What the exercise asks
Look in the data below for the line that has "Political Open: Bow", then print exactly every line from there through the line that has "水墨白巖板-卡拉拉白巖板-熊貓白巖板-貝奈利", leaving pictures out.

Task input
■ ■ ■

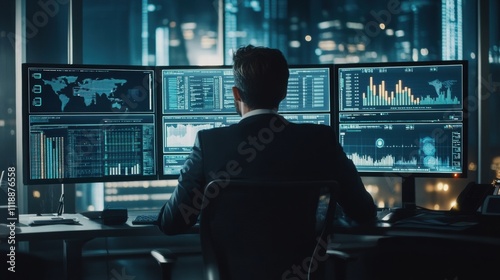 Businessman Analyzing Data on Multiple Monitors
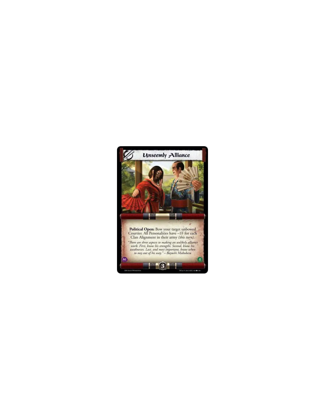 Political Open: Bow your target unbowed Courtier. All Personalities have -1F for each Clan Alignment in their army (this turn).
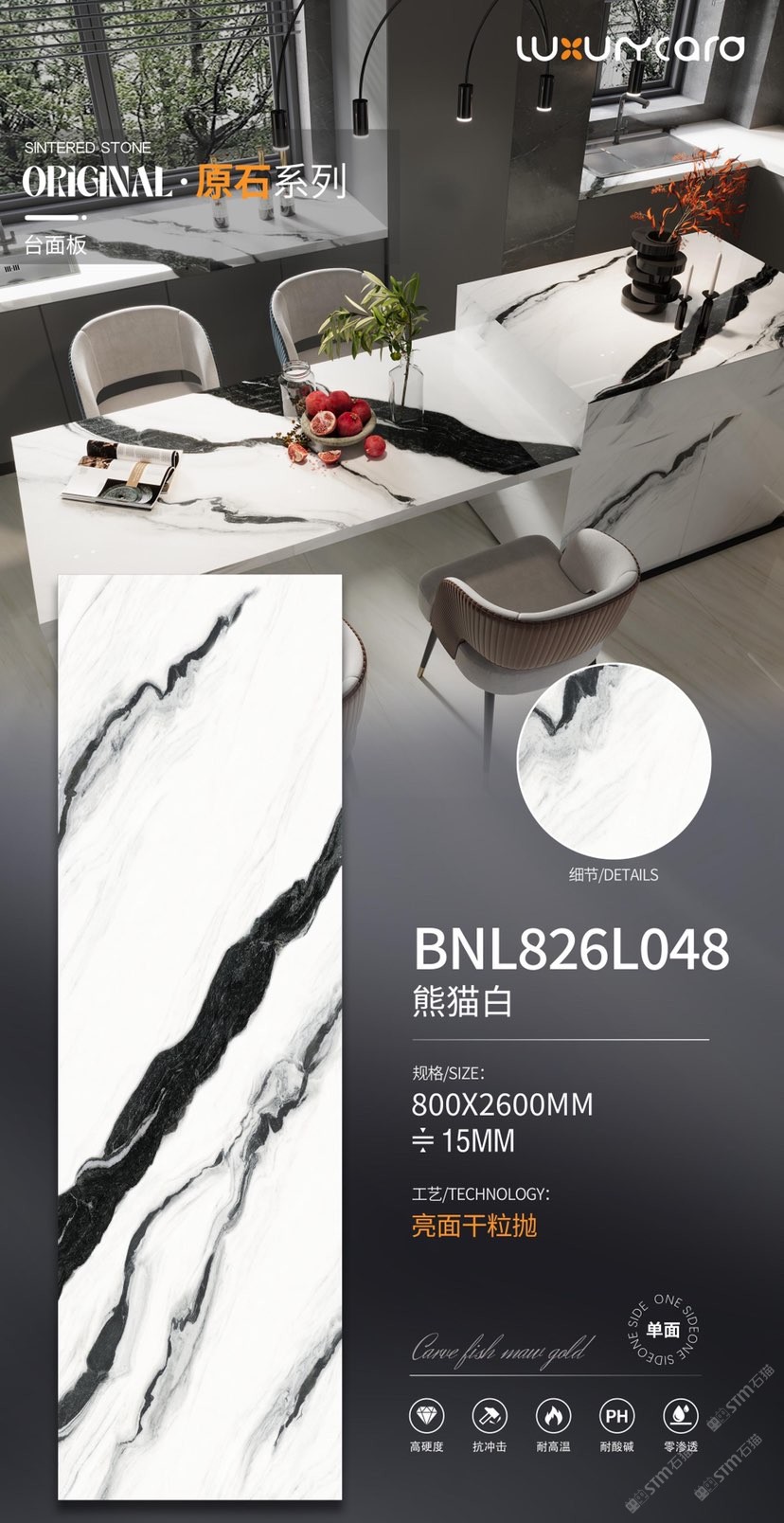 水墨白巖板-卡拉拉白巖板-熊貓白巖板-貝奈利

■ ■ ■

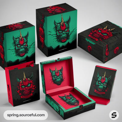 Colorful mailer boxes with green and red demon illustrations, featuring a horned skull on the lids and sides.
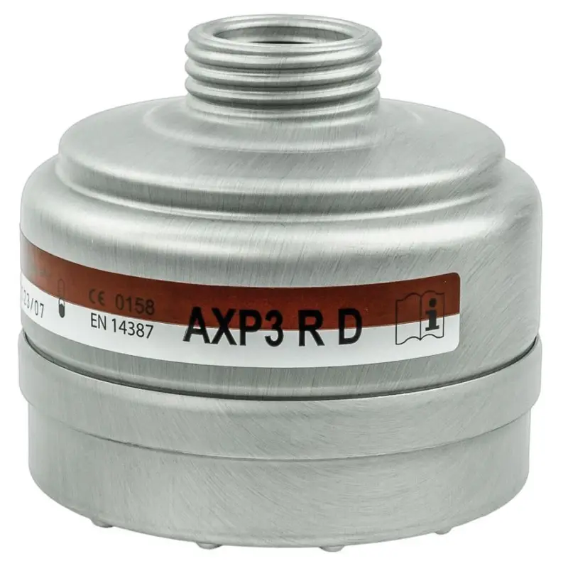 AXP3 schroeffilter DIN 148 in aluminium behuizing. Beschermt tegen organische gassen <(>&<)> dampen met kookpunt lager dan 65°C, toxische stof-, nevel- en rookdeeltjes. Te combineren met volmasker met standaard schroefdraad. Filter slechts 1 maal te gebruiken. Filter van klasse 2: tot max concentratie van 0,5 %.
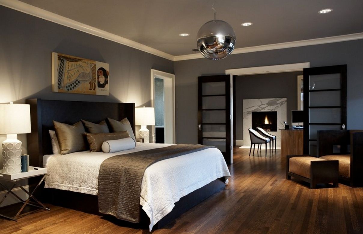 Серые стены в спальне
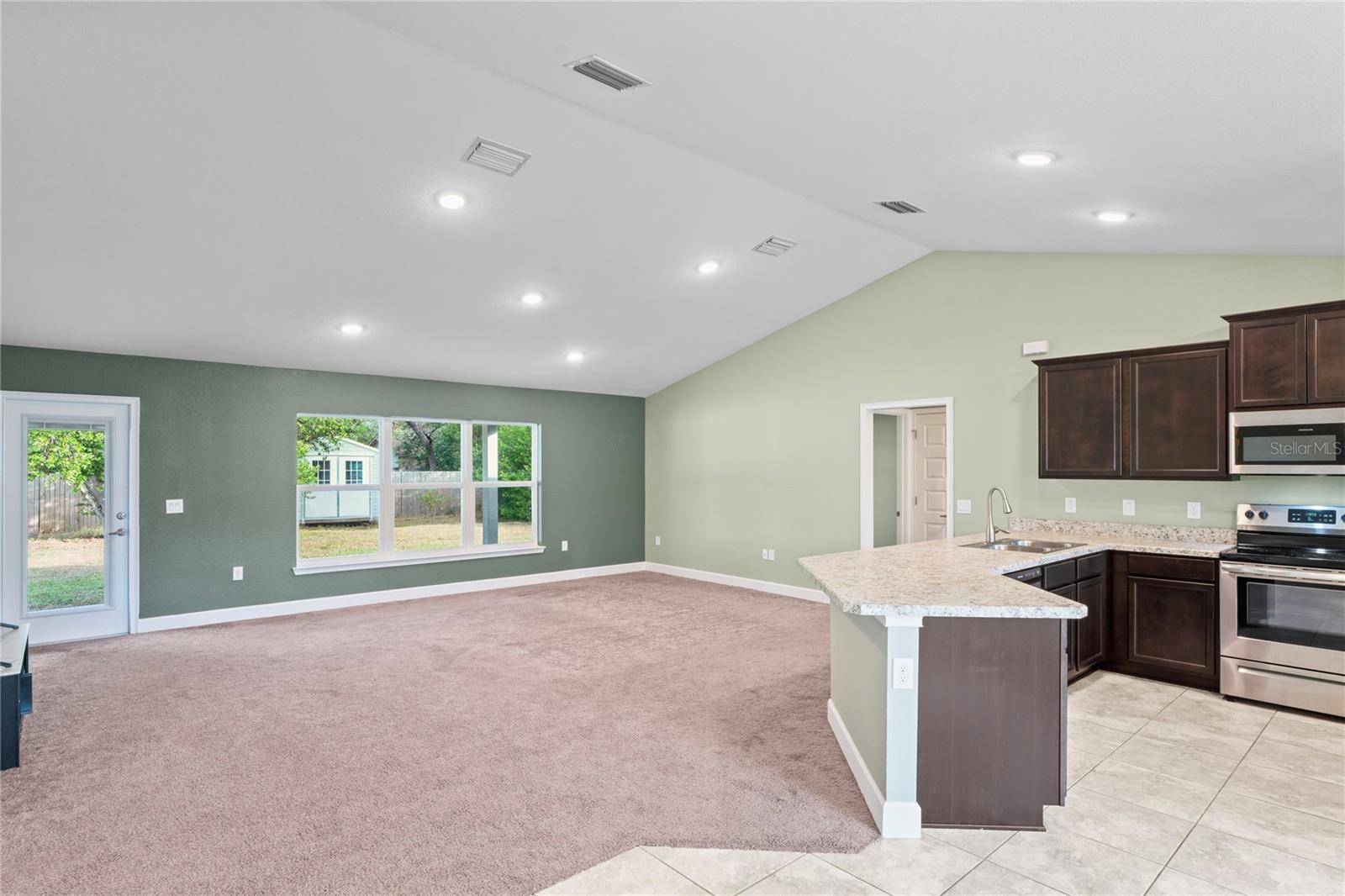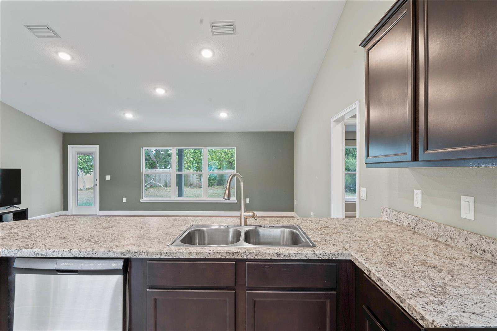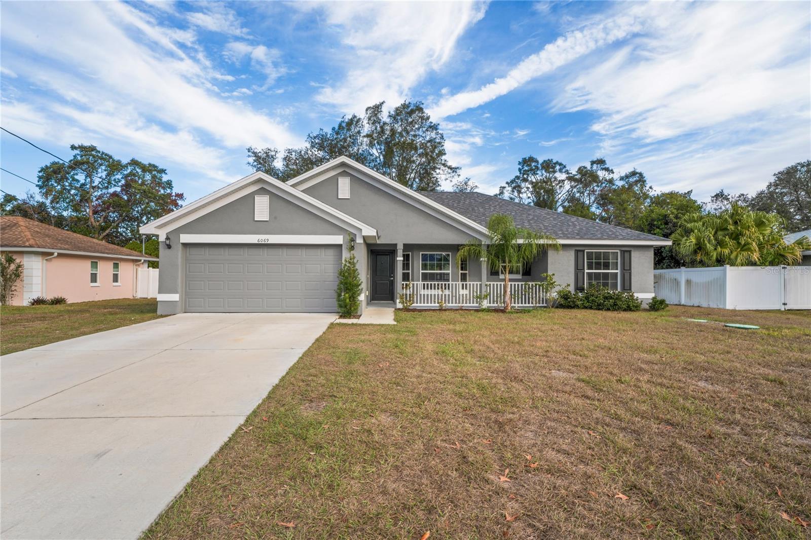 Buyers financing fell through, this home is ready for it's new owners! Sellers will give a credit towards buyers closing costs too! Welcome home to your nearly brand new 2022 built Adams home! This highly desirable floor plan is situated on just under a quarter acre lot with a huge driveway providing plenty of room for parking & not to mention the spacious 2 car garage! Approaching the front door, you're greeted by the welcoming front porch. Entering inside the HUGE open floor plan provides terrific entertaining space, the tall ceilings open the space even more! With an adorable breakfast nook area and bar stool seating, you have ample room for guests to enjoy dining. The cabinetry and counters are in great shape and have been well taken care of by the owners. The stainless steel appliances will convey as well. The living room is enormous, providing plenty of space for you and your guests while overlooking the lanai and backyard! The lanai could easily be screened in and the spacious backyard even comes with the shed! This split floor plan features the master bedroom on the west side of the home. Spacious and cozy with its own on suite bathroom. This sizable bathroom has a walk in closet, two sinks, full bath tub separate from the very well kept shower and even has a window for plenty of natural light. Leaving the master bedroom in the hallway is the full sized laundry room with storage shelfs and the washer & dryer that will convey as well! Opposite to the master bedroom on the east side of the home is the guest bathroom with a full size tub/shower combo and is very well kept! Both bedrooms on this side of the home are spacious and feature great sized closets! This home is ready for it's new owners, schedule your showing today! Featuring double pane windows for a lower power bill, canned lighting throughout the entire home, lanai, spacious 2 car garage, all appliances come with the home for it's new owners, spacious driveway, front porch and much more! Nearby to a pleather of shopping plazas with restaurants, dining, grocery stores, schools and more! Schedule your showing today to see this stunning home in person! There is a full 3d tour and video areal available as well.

■ ■ ■

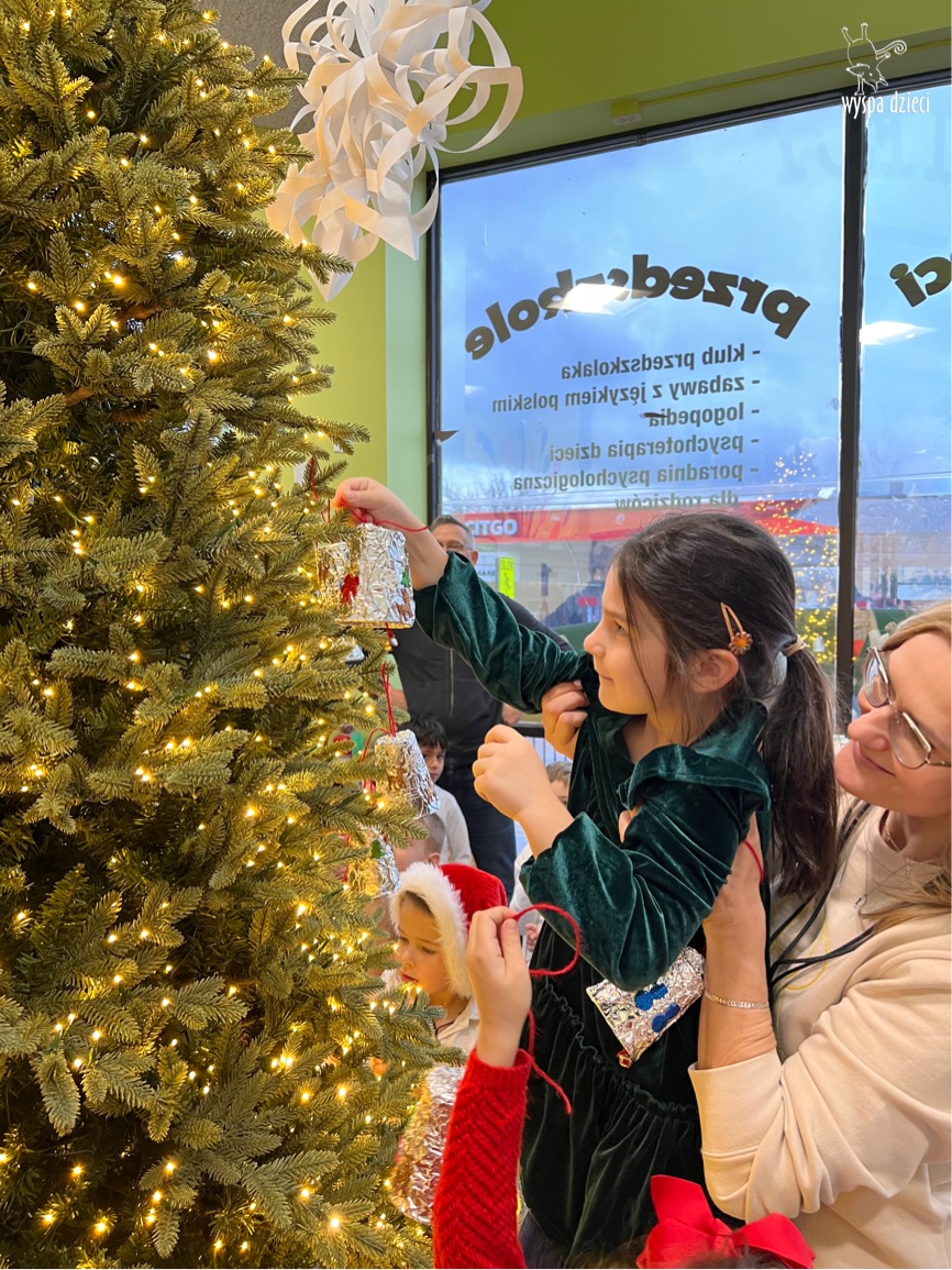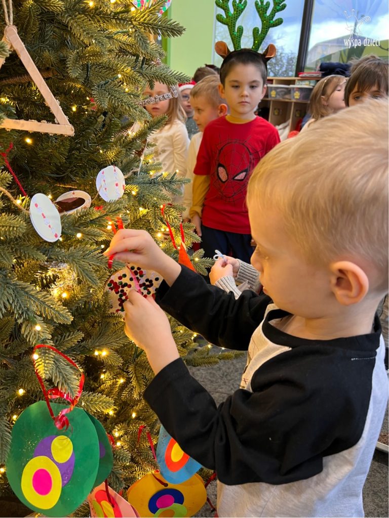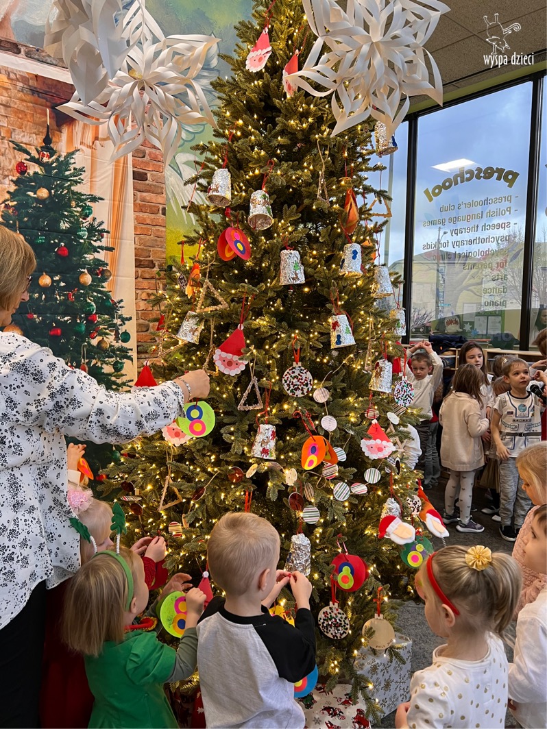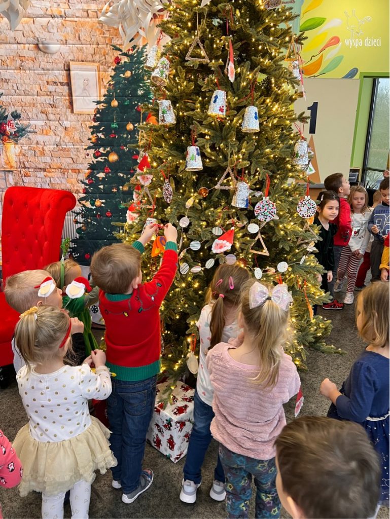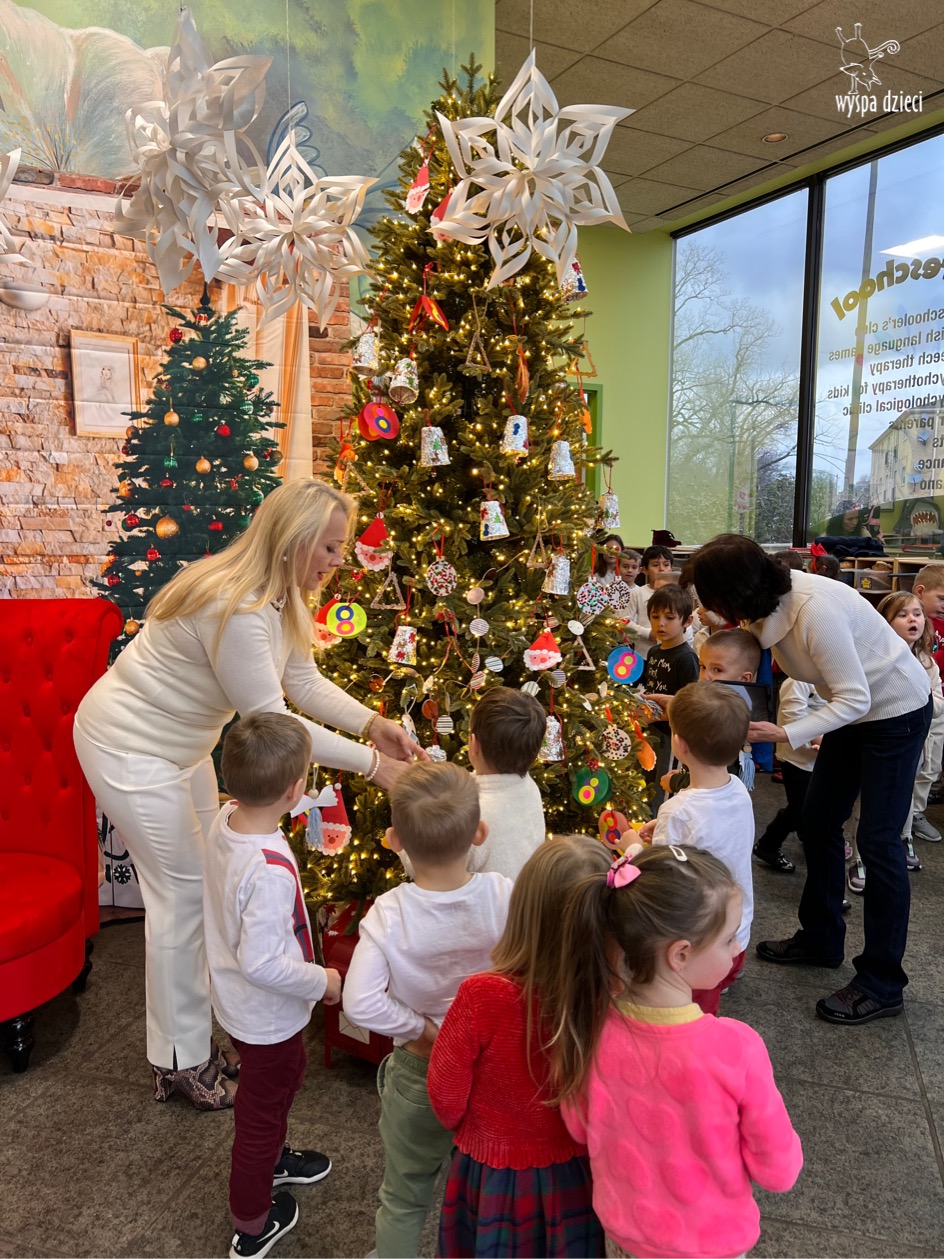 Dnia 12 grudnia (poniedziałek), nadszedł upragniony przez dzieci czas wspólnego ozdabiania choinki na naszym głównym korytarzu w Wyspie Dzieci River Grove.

■ ■ ■

Solution
 Political Open: Bow your target unbowed Courtier. All Personalities have -1F for each Clan Alignment in their army (this turn).
 水墨白巖板-卡拉拉白巖板-熊貓白巖板-貝奈利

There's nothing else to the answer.